More Studies Reveal Surprising Results

The 1987 American Journal of Psychiatry reported that only 4 of 17 participants in a Xanax withdrawal study could complete their withdrawal as scheduled, that is within 4-5 weeks, and only 4 more could complete it within 7 to 13 weeks. Of the 17 participants, Xanax withdrawal induced 15 participants to experience increased panic symptoms, and 9 participants reported newly-emerging withdrawal symptoms such as weakness, insomnia, malaise, lightheadedness, tachycardia, and others.27

A study published in the Archives of General Psychiatry documented similar findings one year later in a 4-week-long Xanax withdrawal trial. In this placebo-controlled trial, half of the 126 participants (all with panic disorders) took Xanax for 8 weeks, and half were given a placebo. After a 4-week withdrawal, 27% of the medication group experienced a rebound of anxiety and panic attacks. The placebo group experienced no change in their baseline symptoms. The study recommended patients being treated for panic disorder with Xanax be withdrawn over 6 months to avoid significant relapse of anxiety, panic attacks, and agoraphobia symptoms.26

What is Xanax?

Regulators classify Xanax as a benzodiazepine and tranquilizer. The FDA approved Xanax to be used as a sedative to treat anxiety and panic disorders.1 Drugmakers created both an immediate and a delayed-release version. Doctors often prescribe benzodiazepines longer than recommended by health authorities, putting consumers at higher risk of dependence. According to the Heather Ashton guidelines, a person should take benzodiazepines for a few days to a few weeks at the most. These guidelines also suggest that Xanax withdrawal need not be traumatic if done correctly and with individual support care in place.2

We provide more information below, on the most frequently requested topics concerning Xanax and Xanax withdrawal. Always do your best to research before starting or stopping Xanax or other medications.

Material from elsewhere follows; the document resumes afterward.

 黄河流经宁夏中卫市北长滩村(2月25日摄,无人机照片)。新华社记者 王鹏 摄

What is Xanax (alprazolam) Used for?

Xanax suppresses the central nervous system and prescribers give it to treat anxiety or panic disorders. If you suffer from anxiety and/or panic attacks, there are studies showing how methods of controlled breathing, exercise, yoga, and other nonpharmacological interventions can be highly effective, for example, turning off a panic attack or reducing their frequency without drugs.35,36

CAUTION:  Just as you would not drink and drive, Xanax’s dampening effects on alertness and cognitive function make driving or operating machinery inadvisable while under the influence of Xanax.

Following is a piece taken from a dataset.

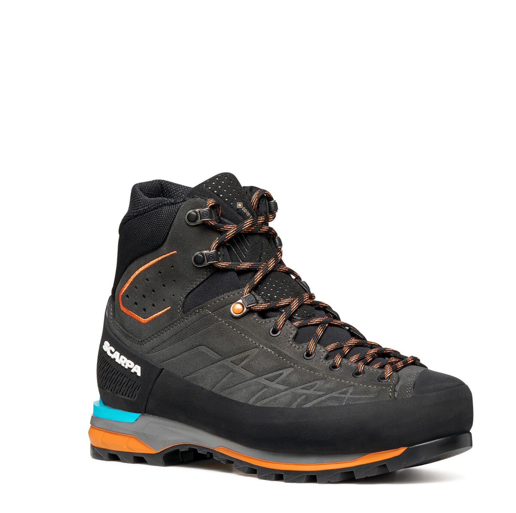 One of Scarpa's lightest weight 3-season mountaineering boots. From day hiking, to backpacking, scrambling, and mid-summer climbs of Mt Rainier...this boot does it all! 1.8mm Oiled Suede Perwanger Nepal Leather upper for durability and water repellency combined with Gore-tex® ePE lining for waterproof breathable performance. Full perimeter rubber and PU rand for increased durability and performance. Sock-Fit XT construction includes a one-piece tongue and ankle collar for a snug fit and reduced bulk. Lacing to-the-toe for a precise performance climbing fit. BAS midsole with lugs that independently adapt to the terrain for increased contact, grip, traction, and stability. Molded heel counter helps contain and stabilize the rear foot. Vibram® BAS pecision rubber outsole for durability. TPU crampon inserts accommodate crampon heel levers. This is a new updated version of one of the best selling 3-season mountaineering boots at our Feathered Friends Seattle Mountaineering Store.

Xanax — Generic, Brand, and Slang Names

Xanax is the brand or trade name given to the generic drug, alprazolam. Other brand names are used in the US including Gabazolamine-05 and Niravam.

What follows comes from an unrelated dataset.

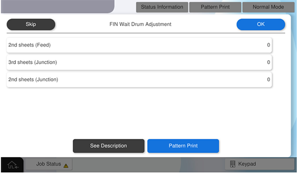 Check Point / チェックポイント通过按[Pattern Print](图案打印)按钮反映调整值。请注意,按[OK](确定)也会反映调整值,但会转换到之前一级的菜单屏幕。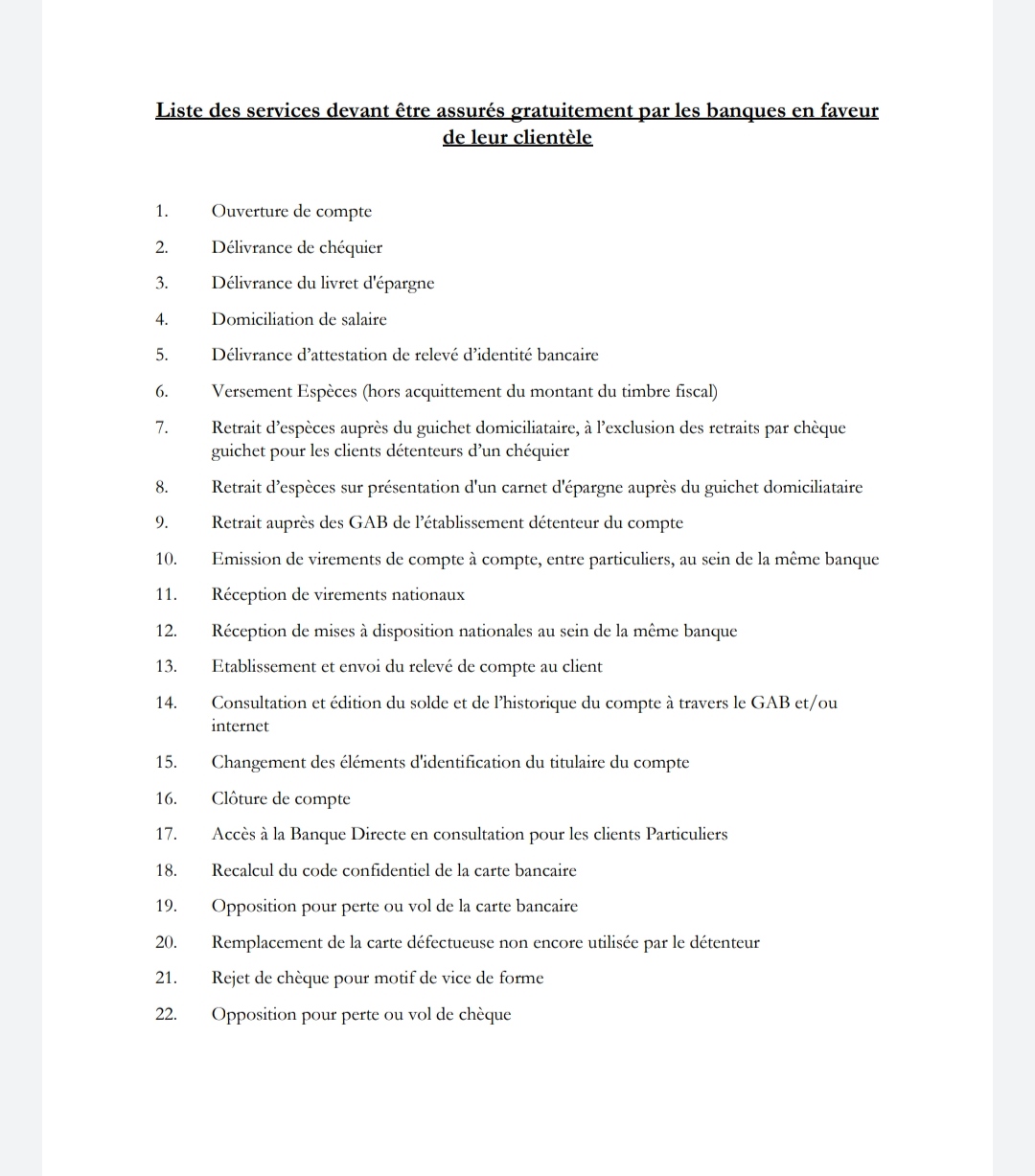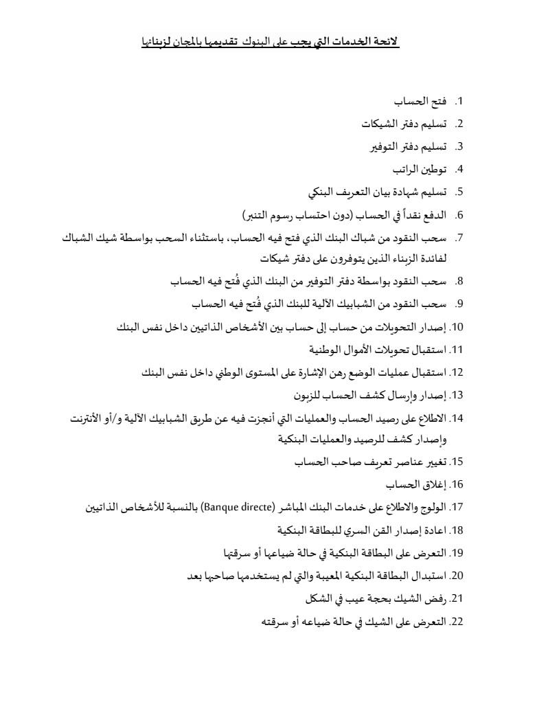 ذكّر والي بنك المغرب خلال ندوته الصحفية الأخيرة بمجانية بعض الرسوم والخدمات، حيث سيكون الزبون معفيا من 22 رسما بنكيا.

Xanax has developed a presence as a street drug. People can purchase it on the street for as little as $5 per pill. Its popularity is possibly due to its sedative effects and pleasurable sensation of mild euphoria. According to the Connecticut Department of Consumer Protection, numerous street names have evolved, including bricks, footballs, bars, zanbars, and others.3

FDA Recommendations for Xanax Withdrawal

Quitting Xanax or any benzodiazepine drug abruptly can be deadly. A gradual reduction, the FDA’s recommended approach, can lessen these severe and potentially life-threatening Xanax withdrawal symptoms. Several factors can affect the timeline of your withdrawal including how long you have used Xanax, how high the dosage is, general health, age, and even some genetic factors that may affect the rate of clearing from the body.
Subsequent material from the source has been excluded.